In [1]:
import matplotlib.pyplot as plt
from sklearn.metrics import mean_squared_error
import numpy as np
import time
import json
import sys

In [1]:
import dagstermill

context = dagstermill.get_context()

date = context.op_config["date"]
metric = context.op_config["metric"][0]
notebook_name = context.op_config["notebook_name"]
tag = context.op_config["tag"]

checkpoint = context.resources.checkpoint
skyminer_api = context.resources.skyminer_api

start_absolute = checkpoint.get(notebook_name, metric, tag=tag)

In [None]:
def generate_query(metrics, start_absolute, end_absolute="", tag={}):
    metrics_part = []  # Initialize the metrics_part as a list
    tags_name = list(tag.keys())  # Get the list of tag names

    # Iterate through each metric and format it into the metrics_part
    for metric in metrics:
        metric_dict = {
            "name": metric
        }
        if tags_name:
            metric_dict["tags"] = {key: [tag[key]] for key in tags_name}
        metrics_part.append(metric_dict)

    # Construct the query dictionary based on whether end_absolute is provided
    query_dict = {
        "metrics": metrics_part,
        "time_zone": "UCT",
        "start_absolute": start_absolute
    }
    if end_absolute:
        query_dict["end_absolute"] = end_absolute

    # Convert the query dictionary to a formatted JSON string
    query = json.dumps(query_dict, indent=4)

    return query

In [None]:
metrics  = [metric, metric+".prediction_ML_dagster", metric+".prediction_ML_LB_dagster", metric+".prediction_ML_UB_dagster"]
skyminer_query = generate_query(metrics, start_absolute=(time.time()-3600*24)*1000, tag=tag)


In [None]:
df = skyminer_api.get_data(skyminer_query, "ONE_ROW_PER_TIMESTAMP")
data = df.copy()
data = data.resample("10s").first().bfill().ffill()
if metric+'.prediction_ML_dagster' in data.columns :
    data['anomaly'] = np.where((data[metric] < data[metric+".prediction_ML_LB_dagster"]) | (data[metric] > data[metric+".prediction_ML_UB_dagster"]),
                               data[metric], np.nan)
else :
    sys.exit('No data available for the previous day')

In [None]:
fig, ax = plt.subplots(figsize=(10, 6))

ax.plot(data.index, data[metric], label='metric', color='blue')
ax.plot(data.index, data[metric + '.prediction_ML_dagster'], label='prediction', color='red')

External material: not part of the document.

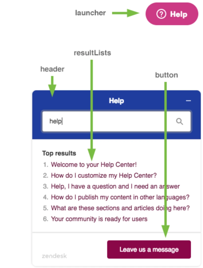 您可以更改下表中的 Web Widget 组件的文本,也可以自定义帮助中心搜索占位符文本。

ax.fill_between(data.index, data[metric + '.prediction_ML_UB_dagster'], data[metric + '.prediction_ML_LB_dagster'],
                color='green', alpha=0.2, label='Confidence Interval')
ax.plot(data.index, data[metric + '.prediction_ML_UB_dagster'], color='green', linestyle='--')
ax.plot(data.index, data[metric + '.prediction_ML_LB_dagster'], color='green', linestyle='--')

ax.scatter(data.index[data['anomaly'] == 1], data[metric][data['anomaly'] == 1],
           color='red', label='Anomalies', s=80)

ax.set_title('Predictions and confidence interval with Anomalies')
ax.set_xlabel('Index')
ax.set_ylabel('Valeurs')
ax.legend(title='Légende')

plt.tight_layout(pad=3.0)  

plt.show()

In [None]:
num_anomalies = data['anomaly'].count()
print(f"Number of anomalies on the last day : {num_anomalies}")
def calculate_smape(y_true, y_pred):
    numerator = np.abs(y_true - y_pred)
    denominator = (np.abs(y_true) + np.abs(y_pred)) / 2
    smape = np.mean(numerator / denominator) * 100
    return smape

def calculate_rmse(y_true, y_pred):
    rmse = np.sqrt(mean_squared_error(y_true, y_pred))
    return rmse

y_true = data[metric]  
y_pred = data[metric + ".prediction_ML_dagster"] 

smape_score = calculate_smape(y_true, y_pred)
rmse_score = calculate_rmse(y_true, y_pred)

print(f"Average percentage error (SMAPE) : {smape_score}%")
print(f"RMSE score : {round(rmse_score,3)}")